A ideia é evitar que se repita o que houve na edição dos decretos de abril, publicados à revelia do Congresso, o que acabou levando a Câmara a aprovar um projeto de decreto legislativo sustando vários trechos.

Com esse gesto, o governo espera que o Senado desista de apreciar o projeto já aprovado na Câmara. Pacheco havia alertado ao Planalto que, se um novo decreto não sair nesta semana, os senadores devem levar adiante a votação.

O problema, segundo a minuta de decreto à qual a reportagem teve acesso, é que o novo decreto em elaboração mantém alterações feitas nos textos anteriores e não volta atrás em pontos criticados pelo mercado.

Um exemplo é a “segunda chamada” para companhias estaduais de água e esgoto que não conseguiram comprovar capacidade econômico-financeira para a universalização dos serviços até 2033 — prazo fixado em lei.

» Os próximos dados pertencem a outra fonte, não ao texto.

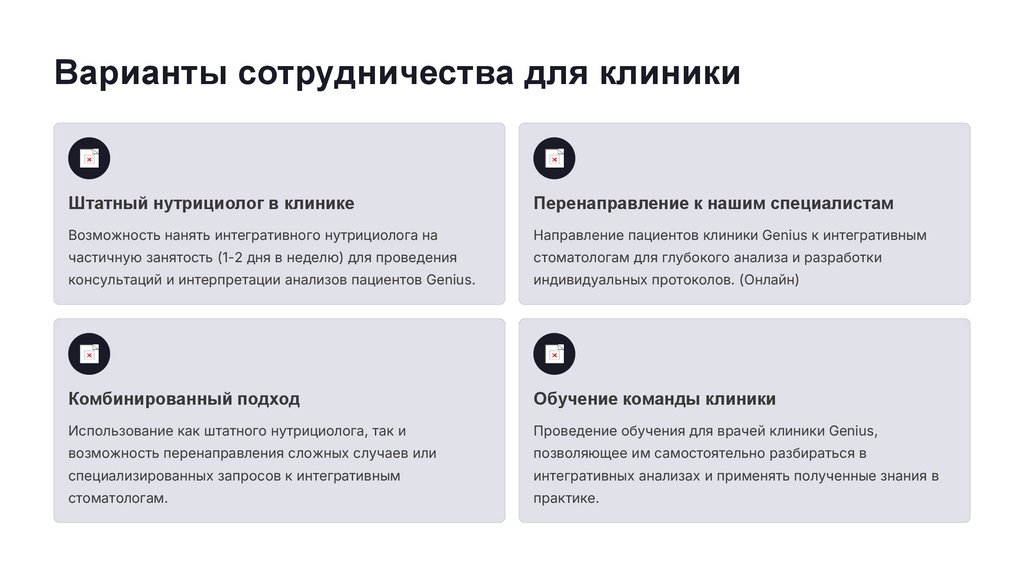 Варианты сотрудничества для клиникиШтатный нутрициолог в клинике
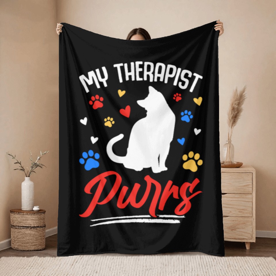 Shop for attractive My Therapist Purrs Cat Lover Throw Blankets or see more Throw Blankets products on https://printblur.com right now!
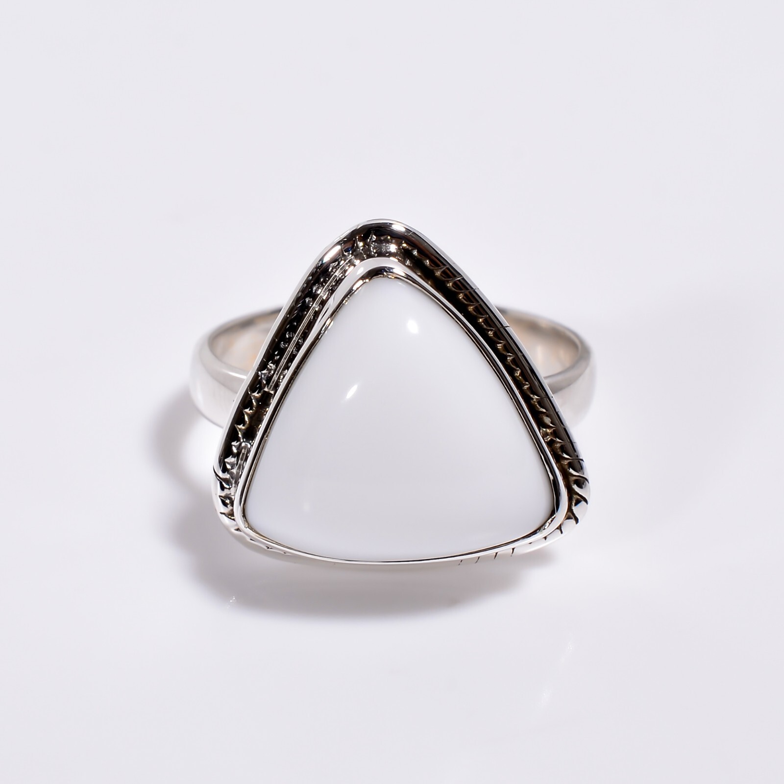 как выглядит White Coral Ring White Stone 925 Sterling Silver Boho Rings Gift for Her фото
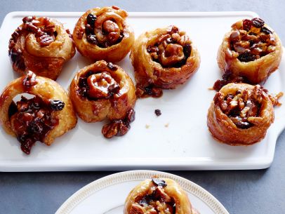 Pour the warm topping into the prepared baking dish. Scatter some additional chopped pecans evenly over the surface. Place the buns in the baking dish, cut-side down. Bake until puffed and golden brown, 25 to 35 minutes.
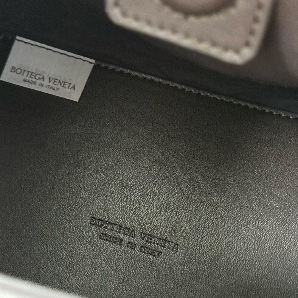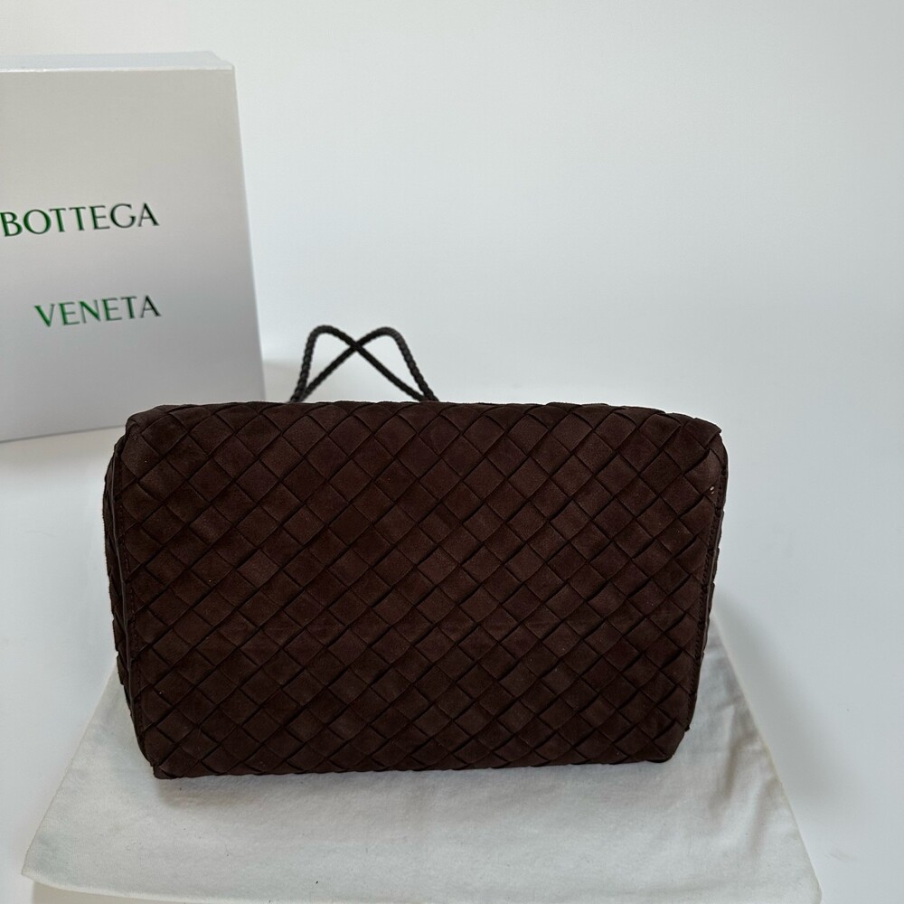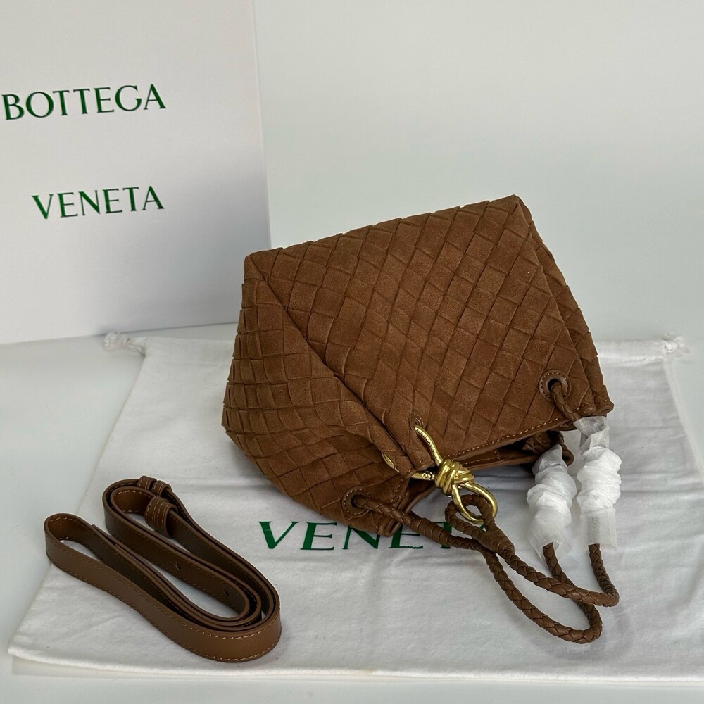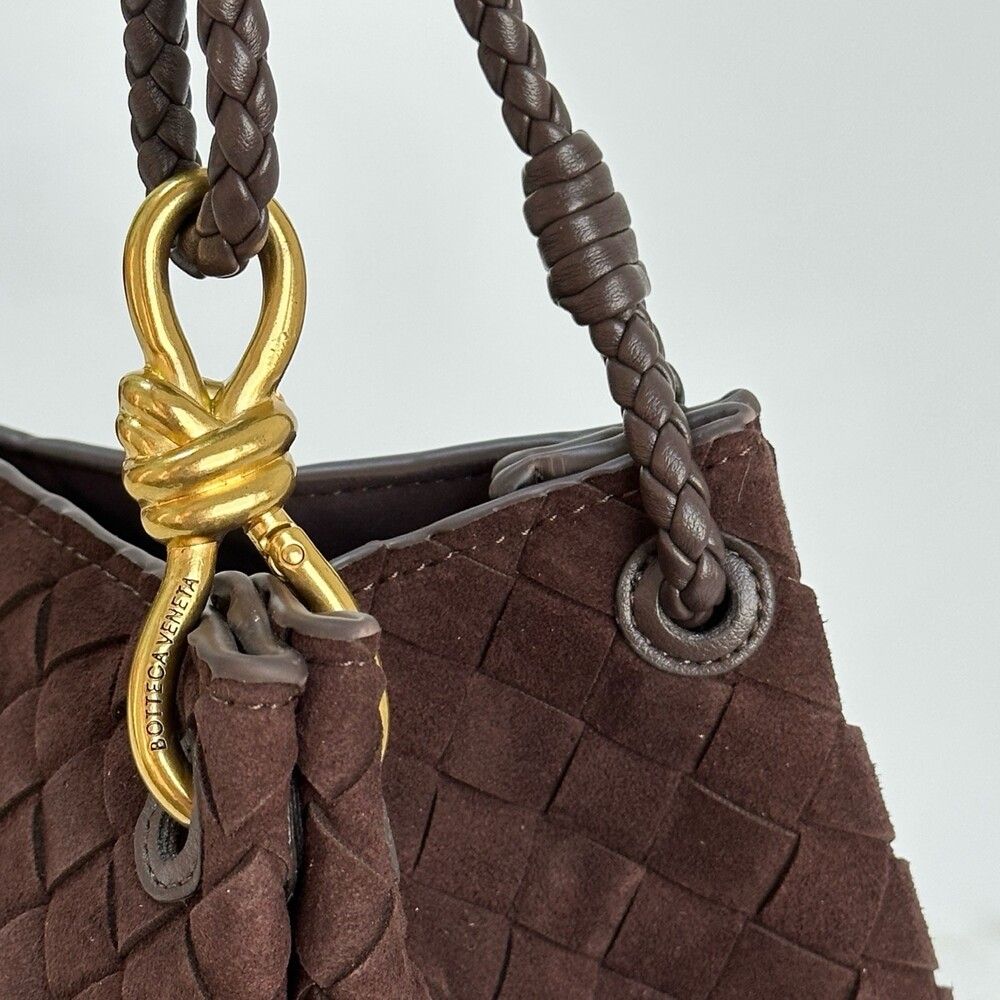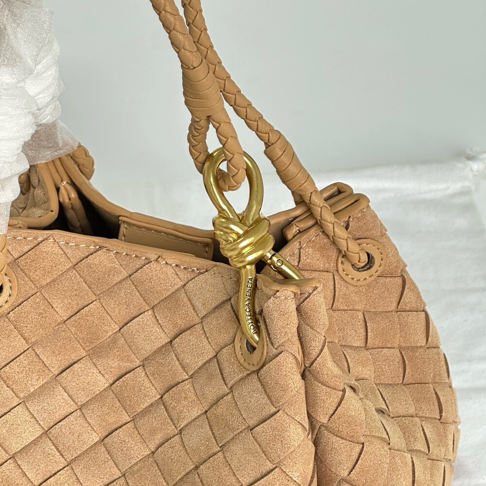 스웨이드 소재와 브랜드 시그니처 인트레치아토 직조 기법을 사용했습니다.
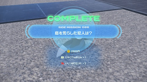 サイドミッション086「庭を荒らした犯人は?」は、サビ組事務所の庭の穴を調べると始まります。メインミッション30「ランクBをめざして」を開始すると出現しました。
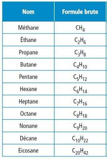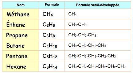 Autre manière de nommer l'hexane: CH3-(CH2)4-CH3 Noms jusqu'à C10

Essas empresas deveriam ter comprovado capacidade até dezembro de 2021.

Estatais de pelo menos sete estados — Acre, Amazonas, Maranhão, Pará, Piauí, Roraima e Tocantins — ignoraram o prazo e corriam risco de perder seus contratos.

No entanto, um dos decretos assinados em abril dava uma espécie de “perdão” ao primeiro descumprimento e abria uma “segunda chamada” para comprovação de capacidade até dezembro de 2023.

Na prática, é uma nova chance para os inadimplentes.

Nos decretos de abril, também houve reclamações de parte dos investidores sobre o fim do limite de 25% às parcerias público-privadas (PPPs) na área de saneamento.

No governo do ex-presidente Jair Bolsonaro (PL), esse limite havia sido fixado para impedir que companhias estatais de água e esgoto façam PPPs que transfiram a maior parte da prestação dos serviços, mas mantendo suas estruturas administrativas.

A crítica de uma parcela do mercado é que isso preserva estruturas ineficientes e transfere custos desnecessários para os consumidores.

Um dos pontos efetivamente alterados, segundo a minuta obtida pela CNN, é impedir que estatais prestem diretamente (sem a necessidade de licitação) os serviços de saneamento para municípios ou conjunto de municípios em regiões metropolitanas.

Isso viabilizaria a manutenção das estatais Embasa e Cagepa, respectivamente, à frente de operações em Salvador e em João Pessoa.

Hoje essas operações estão sendo feitas com base em contratos “precários” e se tornam potencialmente irregulares com o marco legal do saneamento.